Rather than evaluating current technologies and systems that it could purchase to run molecular tests, “we are strong believers that we should have a new platform,” he said, adding that while molecular assay development is a core capability for Siemens Healthineers, molecular testing system development is not.

As a result, the firm is looking for a partner — an IVD company or academic collaborator — with whom it can develop the molecular diagnostic testing platform, but it is at the beginning of its search, according to Bouwman.

Siemens Healthineers will aim to develop a platform that provides greater testing flexibility than competing, high-volume molecular diagnostic platforms already in the market from companies such as Roche, Abbott, and Hologic, and that offers testing at more affordable prices than “expensive,” lower volume, cartridge-based molecular diagnostic testing systems, he said.

Within three years, the company expects to have a new MDx platform in the market, with sales to laboratories in the European Union and other geographies that accept the new In Vitro Diagnostic Regulation (IVDR) for diagnostic tests.

It plans to have clearance from the US Food and Drug Administration to market the platform in the US a year later, Bouwman said, adding, “To grow and have a track record in the US, we need a platform which is adapted for customers in the US market, where we don’t yet have a big market share.”

Meanwhile the new platform would need to be approved under IVDR, a new law governing the regulation of IVDs, that is set to come into effect in Europe on May 26. The European parliament voted in December to stagger the grace periods for tests cleared before then, but any tests that do not have a CE-IVD mark prior to May 26 will require assessment by a designated notified body under the IVDR.

Bouwman added that while the company develops new MDx assays and looks to port tests onto a new platform, it intends to follow guidance from a market research project conducted last year. The project clarified that “the biggest part of the market in infectious disease testing is respiratory,” he said. “Gastrointestinal testing panels represent the second biggest [market], while STI panels and the detection of transplant infections are also of particular interest.”

In the near term, based on current customer feedback, Erlangen, Germany-based Siemens Healthineers is finalizing the development of a multiplex test to detect and differentiate influenza A, influenza B, SARS-CoV-2, and human respiratory syncytial virus on the Versant kPCR Molecular System.

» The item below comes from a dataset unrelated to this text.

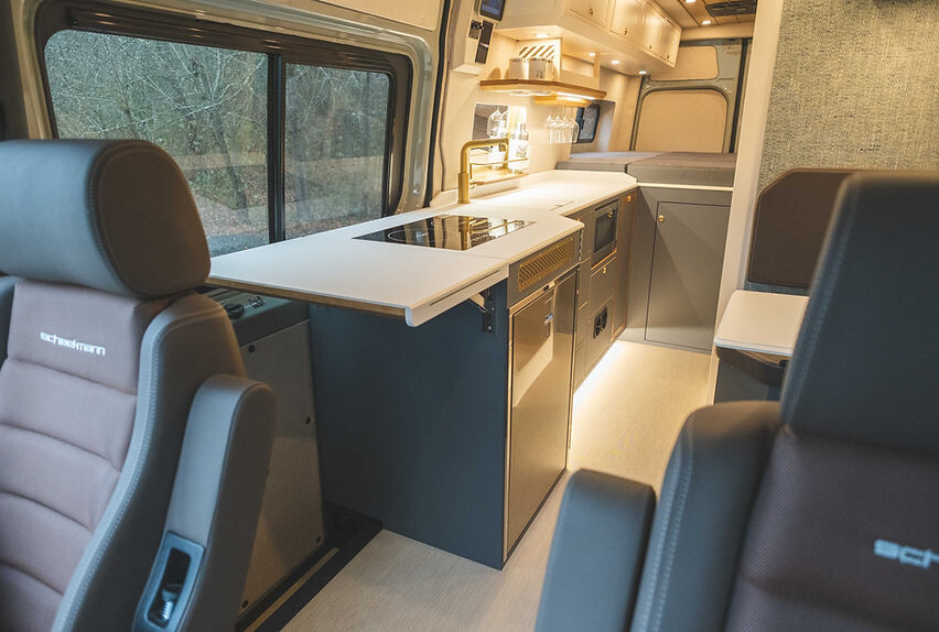 V Van BAM cada centímetro quadrado é projetado pensando no conforto e na versatilidade. Desde a disposição modular, que permite adaptar o espaço ao número de passageiros e às necessidades da viagem, até à cozinha cuidadosamente desenhada com fogão de dupla indução, frigorífico grande Isotherm 130 e lava-loiça funda. Quer esteja a preparar uma refeição ou a precisar de espaço de trabalho extra, cada elemento foi concebido para maximizar a utilidade e o conforto. A estética, que está muito em sintonia com o momento e as tendências, também é interessante. Elogiamos também alguns detalhes inovadores, como o interessante suporte para taças de vinho.

According to Michael Schleichert, head of the firm’s molecular assay R&D group, it expects to soon launch the test with CE-IVD marking and a focus on marketing the assay to hospital laboratories in Europe, the Middle East, and Africa region where most of its MDx systems are placed.

“With the pandemic becoming endemic, we believe that SARS-CoV-2 will be one of many respiratory pathogens laboratories want to monitor,” Schleichert said at ECCMID.

He noted that overall, Siemens Healthineers is already marketing MDx-based options for respiratory testing, and one of its FTD panels differentiates among 21 respiratory pathogens.